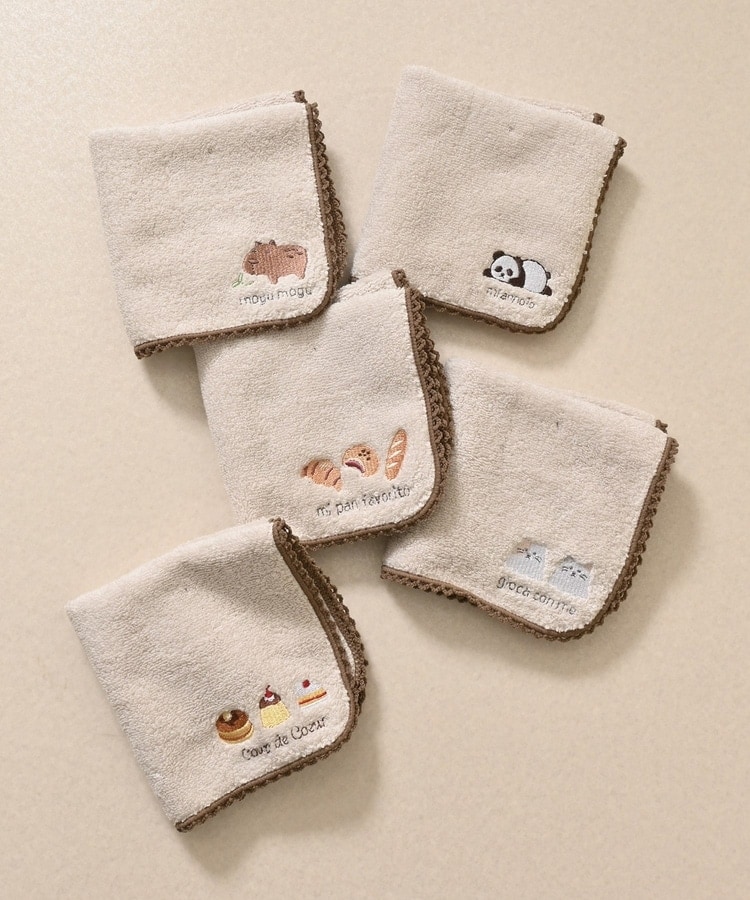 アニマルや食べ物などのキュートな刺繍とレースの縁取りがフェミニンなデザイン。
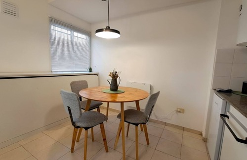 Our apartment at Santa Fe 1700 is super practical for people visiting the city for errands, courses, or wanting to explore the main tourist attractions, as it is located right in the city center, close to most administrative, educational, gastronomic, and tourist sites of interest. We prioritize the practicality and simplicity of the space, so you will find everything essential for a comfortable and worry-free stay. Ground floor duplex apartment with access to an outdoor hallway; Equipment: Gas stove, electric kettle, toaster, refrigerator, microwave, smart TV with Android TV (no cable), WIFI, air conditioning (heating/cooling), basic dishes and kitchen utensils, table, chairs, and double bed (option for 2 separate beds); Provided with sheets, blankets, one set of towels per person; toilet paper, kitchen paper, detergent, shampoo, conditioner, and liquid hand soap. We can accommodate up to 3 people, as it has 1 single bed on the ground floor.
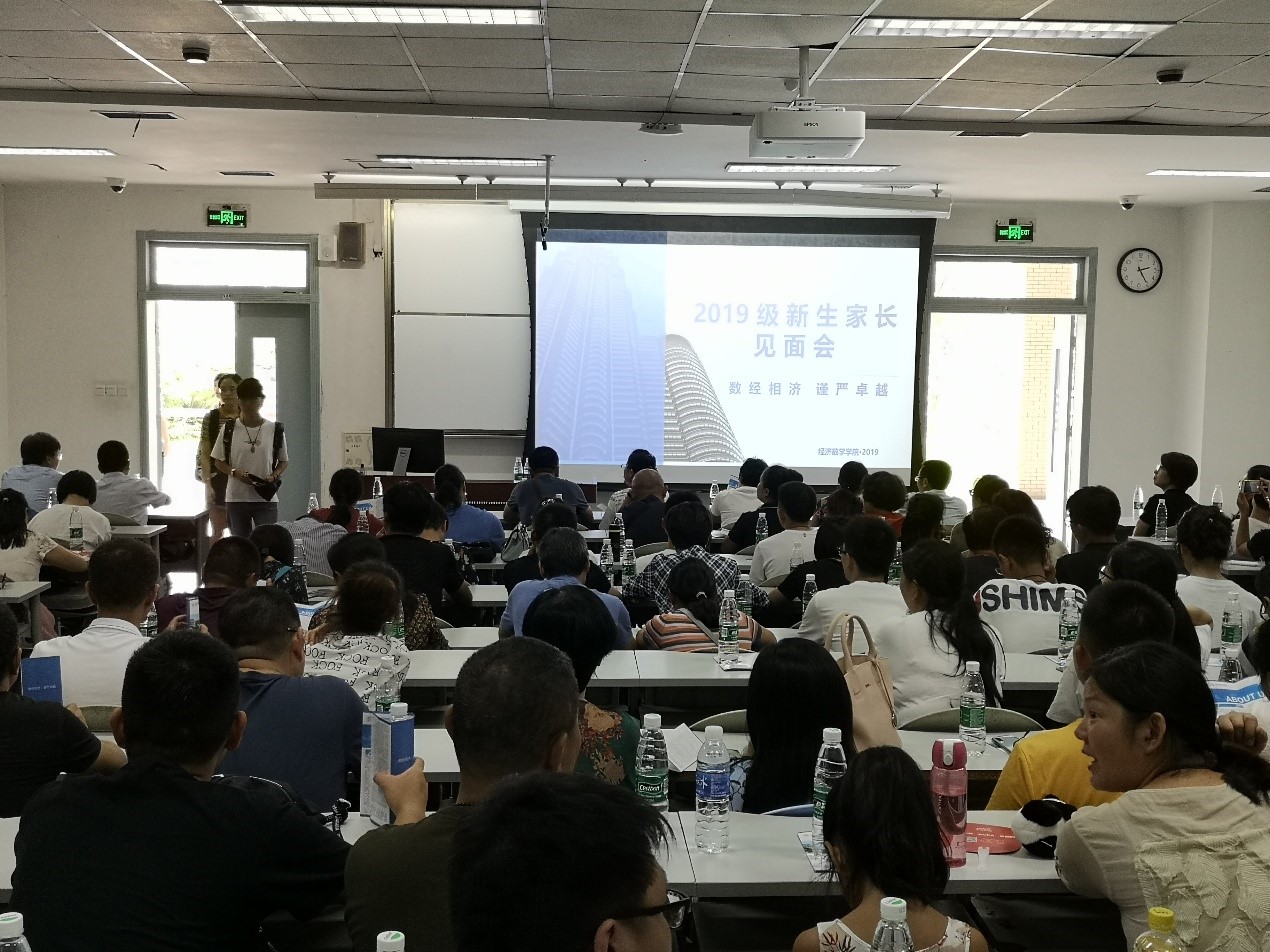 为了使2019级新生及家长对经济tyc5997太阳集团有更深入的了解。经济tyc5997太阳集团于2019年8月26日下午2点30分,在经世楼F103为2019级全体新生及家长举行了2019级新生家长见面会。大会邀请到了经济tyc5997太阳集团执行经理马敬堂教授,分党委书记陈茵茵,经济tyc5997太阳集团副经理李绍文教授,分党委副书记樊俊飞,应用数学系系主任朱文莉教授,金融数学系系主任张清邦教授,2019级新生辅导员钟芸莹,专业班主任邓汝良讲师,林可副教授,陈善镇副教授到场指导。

> _Problem_
Output all the material exactly. The pictures are to be left out.

> _Answer box_
 アニマルや食べ物などのキュートな刺繍とレースの縁取りがフェミニンなデザイン。
 Our apartment at Santa Fe 1700 is super practical for people visiting the city for errands, courses, or wanting to explore the main tourist attractions, as it is located right in the city center, close to most administrative, educational, gastronomic, and tourist sites of interest. We prioritize the practicality and simplicity of the space, so you will find everything essential for a comfortable and worry-free stay. Ground floor duplex apartment with access to an outdoor hallway; Equipment: Gas stove, electric kettle, toaster, refrigerator, microwave, smart TV with Android TV (no cable), WIFI, air conditioning (heating/cooling), basic dishes and kitchen utensils, table, chairs, and double bed (option for 2 separate beds); Provided with sheets, blankets, one set of towels per person; toilet paper, kitchen paper, detergent, shampoo, conditioner, and liquid hand soap. We can accommodate up to 3 people, as it has 1 single bed on the ground floor.
 为了使2019级新生及家长对经济tyc5997太阳集团有更深入的了解。经济tyc5997太阳集团于2019年8月26日下午2点30分,在经世楼F103为2019级全体新生及家长举行了2019级新生家长见面会。大会邀请到了经济tyc5997太阳集团执行经理马敬堂教授,分党委书记陈茵茵,经济tyc5997太阳集团副经理李绍文教授,分党委副书记樊俊飞,应用数学系系主任朱文莉教授,金融数学系系主任张清邦教授,2019级新生辅导员钟芸莹,专业班主任邓汝良讲师,林可副教授,陈善镇副教授到场指导。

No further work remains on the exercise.